### WHAT YOU NEED TO DO
This task calls for every entry below to be repeated exactly, without the pictures.
══ TASK DATA ══
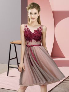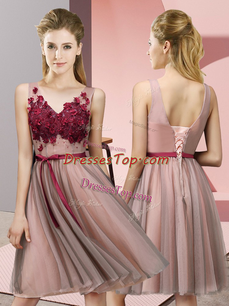 Baby Pink V-neck Neckline Appliques Court Dresses for Sweet 16 Sleeveless Lace Up
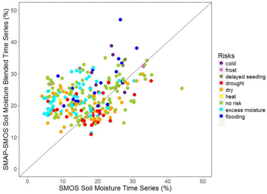 To gain an understanding of how the accuracy of the satellite data sets impact the use of the data for risk assessment, the soil moisture from the SMAP-SMOS and SMOS-only time series used to calculate the SMDA were compared to each other at the provincial scale and sorted by risk category (Figure 5). In general, the SMAP time series was wetter than the SMOS time series, particularly for areas that were identified as being subject to excess moisture. The range in moisture values between the SMAP-SMOS time series and the SMOS-only time series for areas where no risk was identified was high for both data sets, but somewhat higher in the SMOS-only data set (indicated by the larger horizontal spread in the data in Figure 5 than the vertical spread).
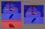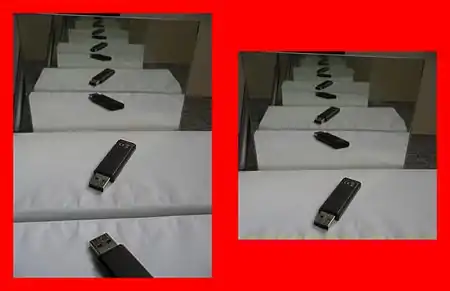 | Mirror-in-mirror images as counterexample: The left image can be embedded into the right one and vice versa (below, left/mid); yet, both aren't similar. The Schröder-Bernstein theorem applied to the unstructured pixel sets obtains a non-continuous bijection (right). | ||
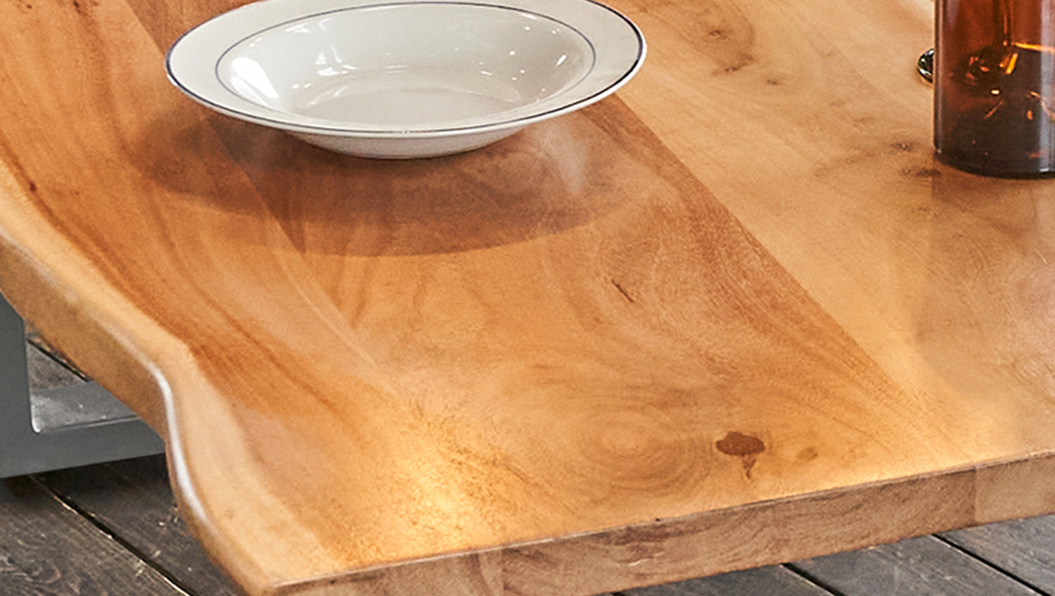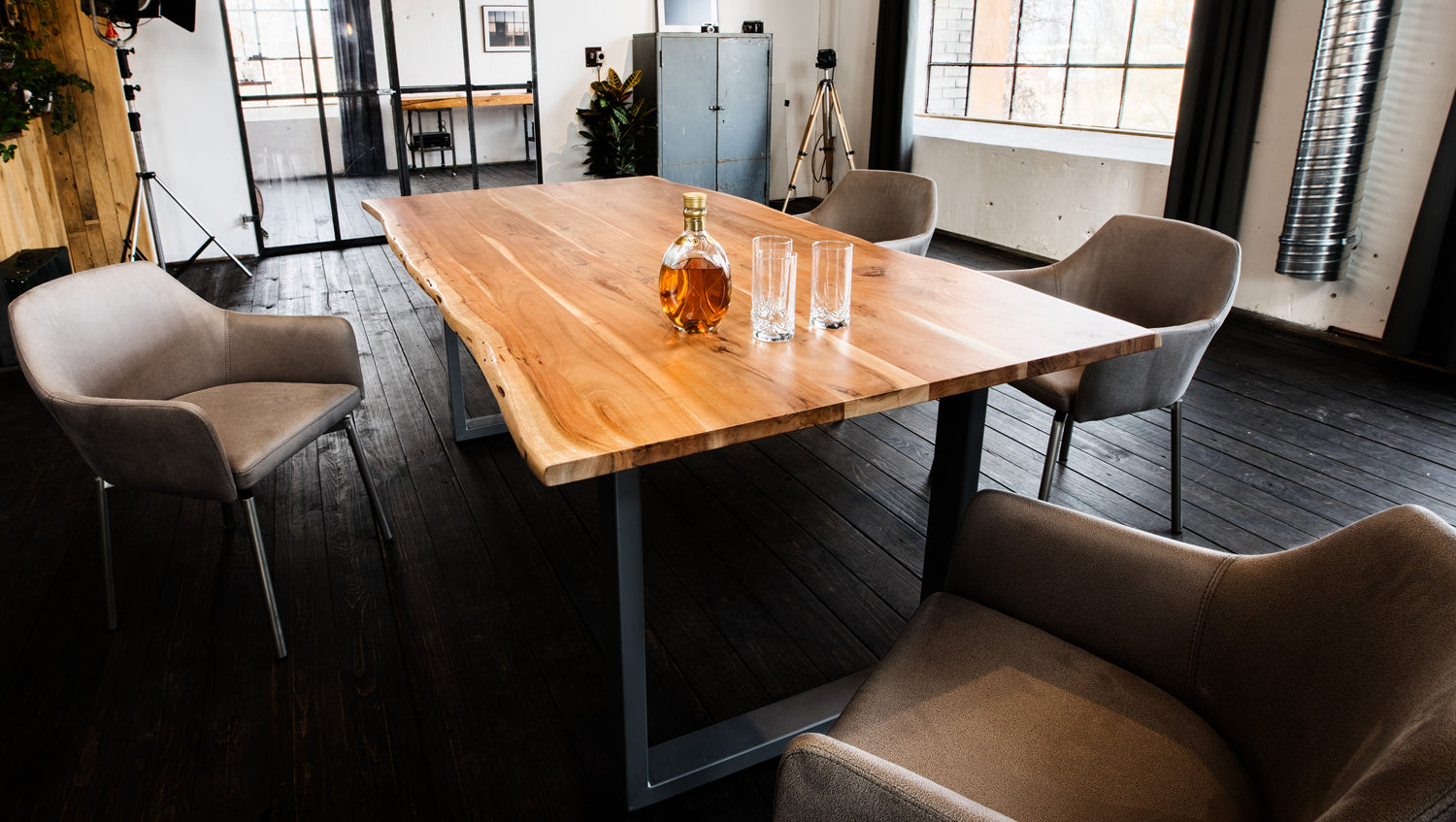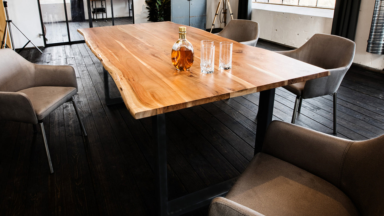 Wunderschöner Esstisch, mit Massivholzplatte, der sich wunderbar in das moderne, aber auch das rustikal gemütliche Wohnambiente integrieren lässt. Besonderes Highlight des Esstisches sind die Tischkanten, die den natürlichen Formen eines Baumes entsprechen. Das kubische Metallgestell bildet hierzu einen gelungenen Kontrast, der dem Massivholz Esstisch einen Hauch industriellen Charme verleiht. WICHTIGER HINWEIS Bei diesem Baumkantentisch handelt es sich um ein Naturprodukt. Das macht ihn zu einem Unikat, jeder Tisch ist einzigartig. Maßabweichungen, Astlöcher und Risse sowie kleinere Unebenheiten sind warentypisch und kein Reklamationsgrund. Vorhandene Risse werden noch in der Herstellung mit Stücken der gleichen Holzart ausgefüllt. Daraus resultierende farbliche Abweichungen stellen ebenfalls keinen Reklamationsgrund dar.
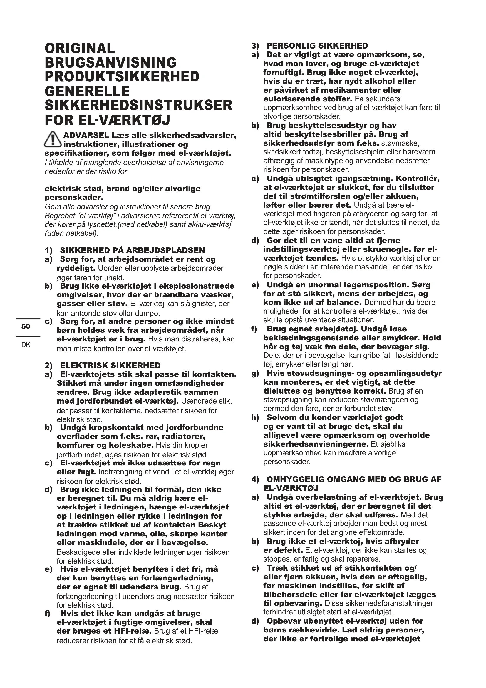 h,ID = 5.98m/s² Usikkerhed K = 1.5m/s² Den angivne vibrationstotalværdi og den deklarerede støjemissionsværdi er målt i overensstemmelse med en standard testmetode og kan bruges til at sammenligne et værktøj med et andet. Den angivne vibrationenstotalværdi og den angivne støjemissionsværdi kan også anvendes i en foreløbig vurdering af eksponeringen. ADVARSEL: Vibrationer og støjemissioner under selve brugen af elværktøjet kan afvige fra den deklarerede værdi afhængigt af, hvordan værktøjet bruges, især hvad slags emne behandles afhængigt af følgende eksempler og andre variationer af, hvordan værktøjet bliver brugt: Hvordan værktøjet bruges og materialerne skæres eller bores. Værktøjets stand og vedligeholdelse. Anvendelse af korrekt tilbehør og kontrol med, at det er skarpt og i en i det hele taget god tilstand. Hvor kraftigt, der holdes fast i håndtaget og, om der benyttes antivibrationsudstyr. Om værktøjet anvendes i henhold til dets konstruktion og nærværende anvisninger. Værktøjet kan medføre et hånd/arm- vibrationssyndrom, hvis det ikke bruges på rigtig måde. ADVARSEL: En vurdering af udsættelsesgraden under det aktuelle brug skal omfatte alle dele af arbejdscyklussen, hherunder53
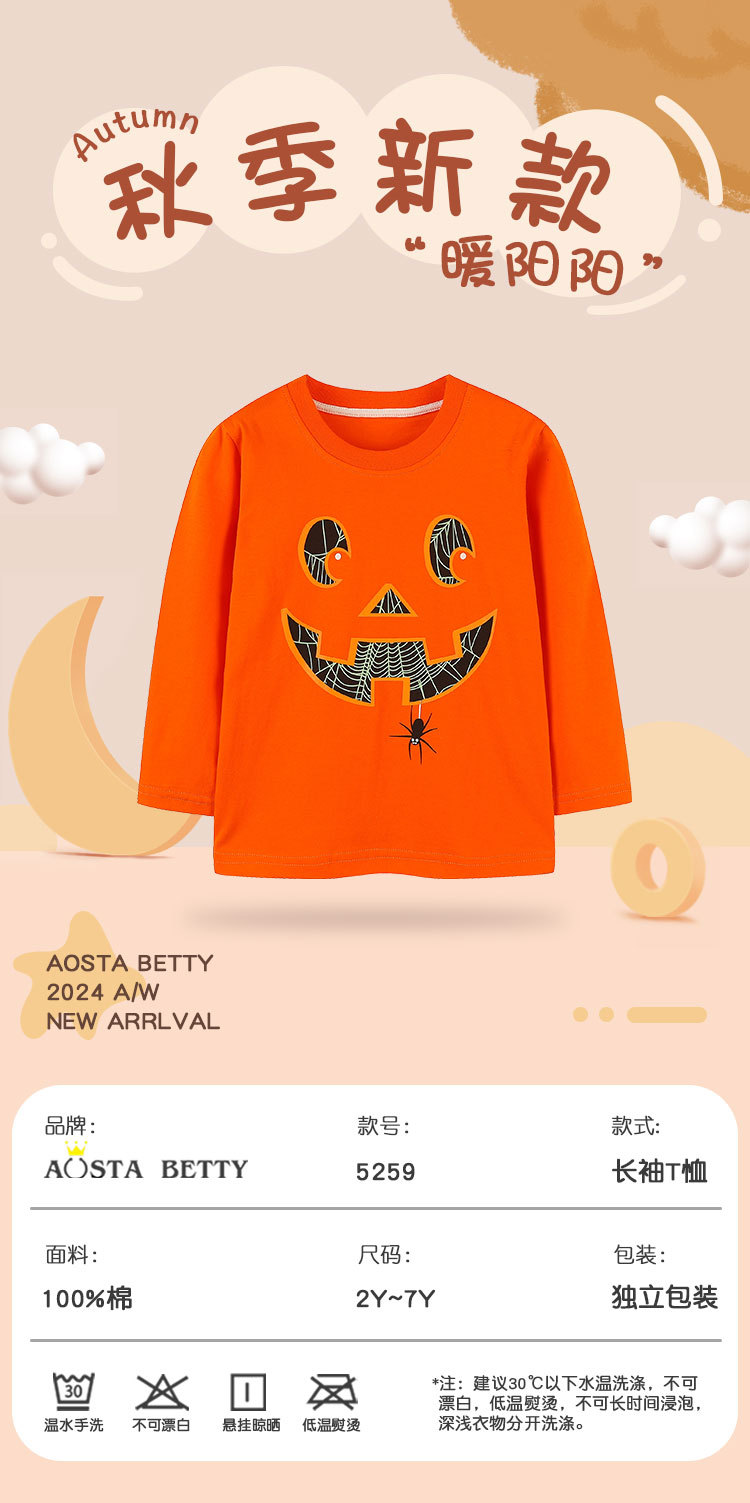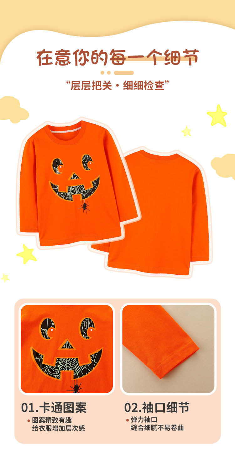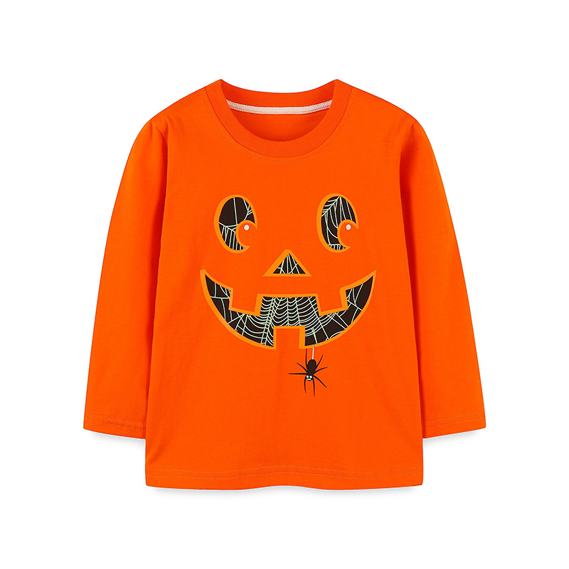 유럽과 미국 스타일의 어린이 긴팔 티셔츠 가을 새로운 어린이 할로윈 형광 호박 프린트 탑 혼합 배치스토어 가기
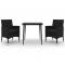 Ensemble à manger de jardin coussins 3 pcs Résine tressée VerreCet ensemble élégant de salle à manger de jardin vous permet de passer des moments agréables et confortables avec votre famille et vos amis. Le cadre en acier enduit de poudre rend la table et les chaises robustes et durables. Fabriquées en résine tressée résistante aux intempéries et imperméable, les chaises sont faciles à nettoyer, résistantes à l'usure et adaptées à un usage quotidien. Le dessus de table en verre lisse est idéal pour poser des boissons, de la nourriture ou des objets décoratifs. De plus, le coussin de siège bien rembourré ajoute un confort supplémentaire aux chaises. Remarque : afin de prolonger la durée de vie des meubles d'extérieur, nous vous recommandons de les protéger avec une housse imperméable. Maximum 110 kg par siège. Soyez conscient du risque de feu ouvert et d'autres sources de forte chaleur à proximité de l'appareil.
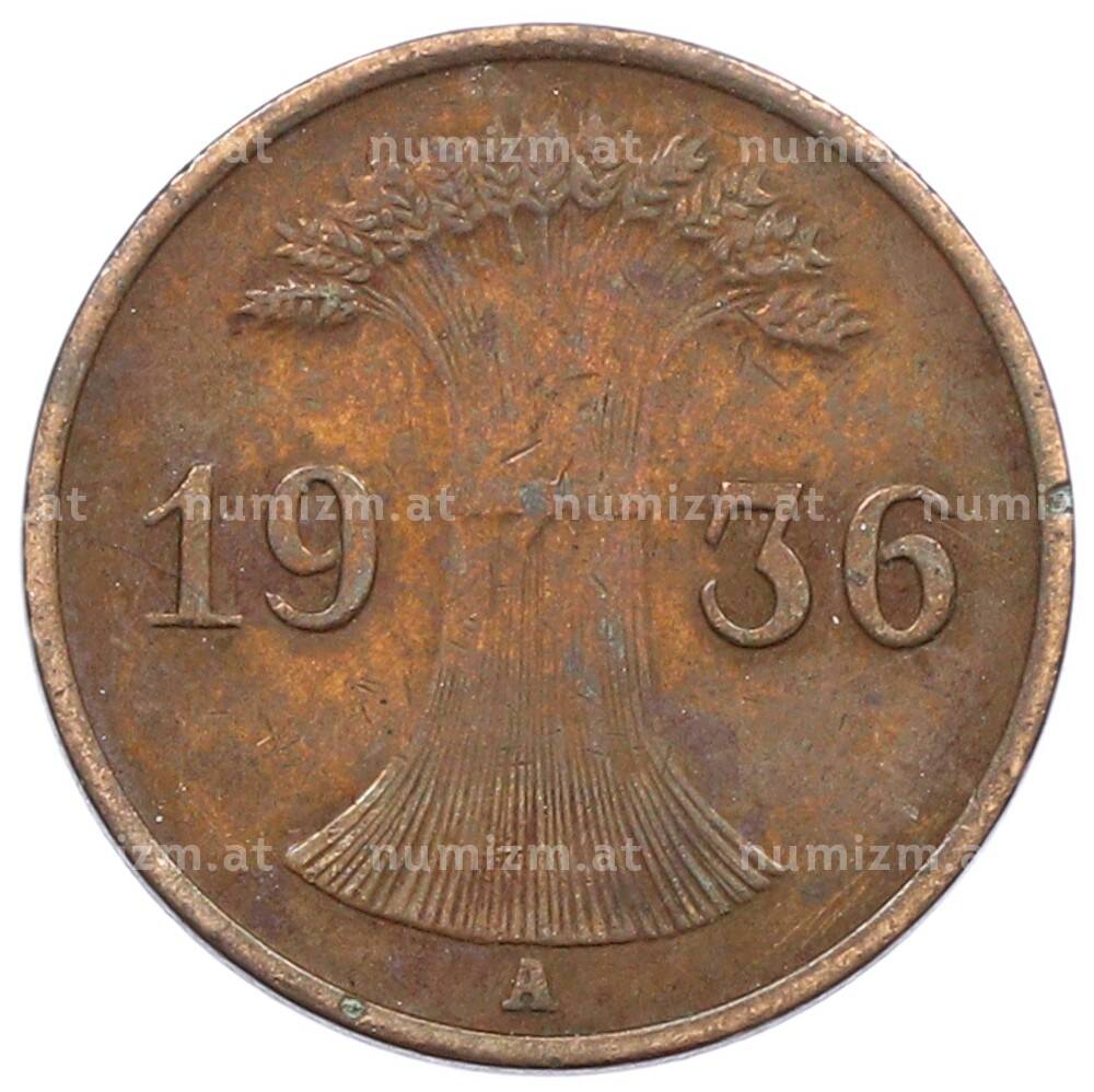 Монета 1 рейхспфенниг 1936 года A Германия (Артикул: M2-88542): подробные характеристики, качественные фотографии в высоком разрешении, низкая цена.
═══
### REPLY TO THE TASK
 Baby Pink V-neck Neckline Appliques Court Dresses for Sweet 16 Sleeveless Lace Up
 To gain an understanding of how the accuracy of the satellite data sets impact the use of the data for risk assessment, the soil moisture from the SMAP-SMOS and SMOS-only time series used to calculate the SMDA were compared to each other at the provincial scale and sorted by risk category (Figure 5). In general, the SMAP time series was wetter than the SMOS time series, particularly for areas that were identified as being subject to excess moisture. The range in moisture values between the SMAP-SMOS time series and the SMOS-only time series for areas where no risk was identified was high for both data sets, but somewhat higher in the SMOS-only data set (indicated by the larger horizontal spread in the data in Figure 5 than the vertical spread).
 | Mirror-in-mirror images as counterexample: The left image can be embedded into the right one and vice versa (below, left/mid); yet, both aren't similar. The Schröder-Bernstein theorem applied to the unstructured pixel sets obtains a non-continuous bijection (right). | ||
 Wunderschöner Esstisch, mit Massivholzplatte, der sich wunderbar in das moderne, aber auch das rustikal gemütliche Wohnambiente integrieren lässt. Besonderes Highlight des Esstisches sind die Tischkanten, die den natürlichen Formen eines Baumes entsprechen. Das kubische Metallgestell bildet hierzu einen gelungenen Kontrast, der dem Massivholz Esstisch einen Hauch industriellen Charme verleiht. WICHTIGER HINWEIS Bei diesem Baumkantentisch handelt es sich um ein Naturprodukt. Das macht ihn zu einem Unikat, jeder Tisch ist einzigartig. Maßabweichungen, Astlöcher und Risse sowie kleinere Unebenheiten sind warentypisch und kein Reklamationsgrund. Vorhandene Risse werden noch in der Herstellung mit Stücken der gleichen Holzart ausgefüllt. Daraus resultierende farbliche Abweichungen stellen ebenfalls keinen Reklamationsgrund dar.
 h,ID = 5.98m/s² Usikkerhed K = 1.5m/s² Den angivne vibrationstotalværdi og den deklarerede støjemissionsværdi er målt i overensstemmelse med en standard testmetode og kan bruges til at sammenligne et værktøj med et andet. Den angivne vibrationenstotalværdi og den angivne støjemissionsværdi kan også anvendes i en foreløbig vurdering af eksponeringen. ADVARSEL: Vibrationer og støjemissioner under selve brugen af elværktøjet kan afvige fra den deklarerede værdi afhængigt af, hvordan værktøjet bruges, især hvad slags emne behandles afhængigt af følgende eksempler og andre variationer af, hvordan værktøjet bliver brugt: Hvordan værktøjet bruges og materialerne skæres eller bores. Værktøjets stand og vedligeholdelse. Anvendelse af korrekt tilbehør og kontrol med, at det er skarpt og i en i det hele taget god tilstand. Hvor kraftigt, der holdes fast i håndtaget og, om der benyttes antivibrationsudstyr. Om værktøjet anvendes i henhold til dets konstruktion og nærværende anvisninger. Værktøjet kan medføre et hånd/arm- vibrationssyndrom, hvis det ikke bruges på rigtig måde. ADVARSEL: En vurdering af udsættelsesgraden under det aktuelle brug skal omfatte alle dele af arbejdscyklussen, hherunder53
 유럽과 미국 스타일의 어린이 긴팔 티셔츠 가을 새로운 어린이 할로윈 형광 호박 프린트 탑 혼합 배치스토어 가기
 Ensemble à manger de jardin coussins 3 pcs Résine tressée VerreCet ensemble élégant de salle à manger de jardin vous permet de passer des moments agréables et confortables avec votre famille et vos amis. Le cadre en acier enduit de poudre rend la table et les chaises robustes et durables. Fabriquées en résine tressée résistante aux intempéries et imperméable, les chaises sont faciles à nettoyer, résistantes à l'usure et adaptées à un usage quotidien. Le dessus de table en verre lisse est idéal pour poser des boissons, de la nourriture ou des objets décoratifs. De plus, le coussin de siège bien rembourré ajoute un confort supplémentaire aux chaises. Remarque : afin de prolonger la durée de vie des meubles d'extérieur, nous vous recommandons de les protéger avec une housse imperméable. Maximum 110 kg par siège. Soyez conscient du risque de feu ouvert et d'autres sources de forte chaleur à proximité de l'appareil.
 Монета 1 рейхспфенниг 1936 года A Германия (Артикул: M2-88542): подробные характеристики, качественные фотографии в высоком разрешении, низкая цена.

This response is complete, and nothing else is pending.